The gentle circumstance of evening transmuted the trumpeting and soiled machines on the road into shining caravans, but never a glance at these wonders did Miss Wych give. Of the passers-by, one and all hurrying to the assault of tubes and omnibuses, maybe one here and there forfeited his place through looking twice at Miss Wych. Miss Wych was a very pretty girl. Her eyes were grey. Her nose would have looked absurd on anyone’s else face, because it was so small. Her face was as white as the moon.
Since she had made up her mind to walk to her boarding-house in South Kensington she did not join the people waiting for omnibuses at the corner of Marble Arch and Park Lane. They who had been in such haste a moment before now waited so quietly, so uneagerly, as though they didn’t care whether they were going home or not. The stillness of Park Lane seemed to Miss Wych very refreshing after the din of the panting hosts of Oxford Street. She walked in the broken shadows of the Park railings. A young man on a black horse cantered by, looking as though he had bought the world for tuppence and wanted his money back. Now and then an omnibus rolled by, rolled on, and on, and on, the red-and-white monster born of man’s divine gift for making his life intolerable. A young lady with a bright red hat in a little silver car tore by like a jewel in a hurry. Huge limousines sped, sped swiftly by, like shining insects whispering to Miss Wych of a grander world than the world of Miss Wych. The people in Hyde Park walked slowly to and fro listening to each other. When the sun lit their faces they looked brown and gold and copper-red, but otherwise they looked tired. Through the railings the sun fell in bars of gold about her feet and kissed the dark hair that waved over her ears, so that the dark hair shone in a way that was a wonder to behold. Miss Wych, of course, was always wishing that her hair was fair, but she was quite wrong about that. The thoughts of Miss Wych as she walked roughly: “The sun is sinking, if it only knew it, into Kensington Gardens. The sun is sinking, if it only knew it, into Kensington Gardens. The sun is....”

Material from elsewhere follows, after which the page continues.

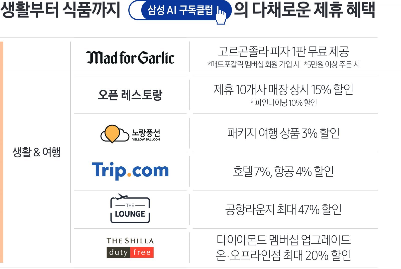※제휴 혜택 내용은 제휴사 사정으로 변경 가능하며, 변경 내용은 삼성닷컴에서 확인 가능 ※제휴사와의 계약 종료 시 제휴 혜택은 사전 고지 없이 종료될 수 있음 [매드포갈릭]※고르곤졸라 피자 1판 무료 제공 혜택은 주문 전 매드포갈릭 멤버십 회원 가입 및 본 삼성닷컴 쿠폰 제시 후 사용할 수 있으며, 5만 원 이상 주문 조건으로 일행당 1장 사용 가능함 ※제휴·카드, 통신사 멤버십, 메뉴 할인권 중 택1 하여 1회 중복 가능(단, 타 메뉴 쿠폰과는 중복 사용 불가) [오픈 레스토랑]① 대상 매장 상시 15% 할인(단, 파인다이닝인 ‘라벤더’는 10% 할인) ②생일, 상견례, 기념일 방문 시 와인 1병 제공(단, ‘여의도감’ ‘영통백합칼국수’ 제외) ③4인 이상 방문 시 스페셜 메뉴 제공(단, ‘라벤더’ ‘여의도감’ ‘영통백합칼국수’ 제외) [신라면세점]※멤버십 혜택 유효기간은 1년이며, 멤버십 등급은 최초 가입일부터 1년간 유지, 삼성 AI 구독클럽 가입일부터 5년간은 동일 등급 재가입이 가능하며 5년 경과 시에는 재가입 불가, 멤버십 유효기간 1년 경과 시 동일한 재가입 절차 필요함 [노랑풍선]※AI 구독클럽 가입일로부터 5년간 총 3회 할인 지원됨 [트립닷컴]※AI구독클럽 제휴 할인은 트립닷컴에서 제공하는 AI 구독클럽 회원 전용 웹사이트 및 모바일 앱에서 구매 시에만 제공 가능하며, 다른 결제 수단과 함께 사용할 수 없음. ※호텔의 경우 온라인 사전 결제 호텔만 적용 가능하며, 항공의 경우 유류 할증료 및 기타 세금을 제외한 항공 운임료에서 할인이 적용됨 [CGV]※제휴쿠폰 유효기간은 쿠폰에 기재된 유효기간에 따르며, 발급된 예매권의 사용기간은 영화 종영 시까지 사용할 수 있음. 배급사 사정에 따라 영화는 조기에 종료될 수 있음 ※본권은 2D 일반 영화에 한해 사용 가능함. 특별관, 특별좌석 등 일부 극장 사용 좌석 및 차액 지불 불가함 [에버랜드]※삼성전자 AI 구독클럽 회원 전용 링크를 통해 1년권 구입 시 구입 익월 15일 1만 솜 포인트 증정 (앱쿠폰) -권종별 이용 제한일은 에버랜드 통합 앱에서 확인 가능함 ※삼성전자 삼성 AI 구독클럽 회원 전용 링크를 통해 매월 4일 에버랜드 솜 룰렛 참여 시 100% 솜 포인트 증정 (앱쿠폰) [밀리의 서재]※제휴 혜택 유효기간: 1년(삼성 AI 구독클럽 가입일로부터 5년간 동일 할인 혜택으로 재구매 가능) [HD현대오일뱅크]※스마트 주유 결제 가능 시간은 06시부터 23시까지임. [한국타이어]※삼성 AI 구독클럽 고객 대상, 티스테이션닷컴 내 한국타이어 상품 최대 25%+all my T 5% 할인 제공(경정비 사용 불가) [SK스피드메이트]※엔진오일은 ZIC X7, ZIC TOP, 캐스트롤, 쉘 기준이며, 에어·오일필터는 SK 기준품에 한해 제공 ※에어컨 가스는 친환경 냉매차량은 서비스 제외되며, 본 쿠폰은 1년간 1회 사용 가능함(5년간 매년 지급) [쏘카]※60% 할인 혜택은 반드시 2주 전 예약 및 10시간 이상 카셰어링 대여 시에만 제공(내륙 지역 한정) ※카셰어링 대여 할인은 이용 요금 중 대여 요금에 한해 적용되며 면책상품 요금, 주행 요금에는 적용되지 않음. 울릉도를 제외한 전국 내륙 지역과 제주도에 있는 차를 대여할 때 적용될 수 있음 [CJ 더마켓·풀무원몰·오뚜기몰·목우촌·MYCHEF·정원e샵·모모스커피·포어르몰]※결제일 할인 혜택은 식품 구매 시 삼성카드 결제조건 필수임 ※오프라인 매장은 혜택 제외되며, 법인·체크·선불·기프트카드 불가함

And a voice at her shoulder said:
“Excuse me! Please excuse me. I say, you must excuse me!”
Miss Wych thought: “And such things can happen in sunlight! O our Father, why won’t You watch Your world more carefully!”
III
Miss Wych walked on, in the broken shadows of the Park railings. And her eyes were turned to the sun, which did not know it was sinking into Kensington Gardens, for what else was there to look at? Then a bird flew across Park Lane and sat on a window-sill, and Miss Wych looked at that.
“Please,” said the voice at her shoulder. “You see, Miss Wych, I must. For I can’t bear it any more, honestly. Don’t be beastly to me, please!”
Miss Wych thought: “This is a fine thing, being spoken to by strange men! I suppose I look common or flashy or something, else he wouldn’t dare. What shall I do, oh, what shall I do? What do women do?”
“Look here,” said the voice at her shoulder, “I can’t keep this up any longer. I’m no good at speaking to people I don’t know. Good-bye.”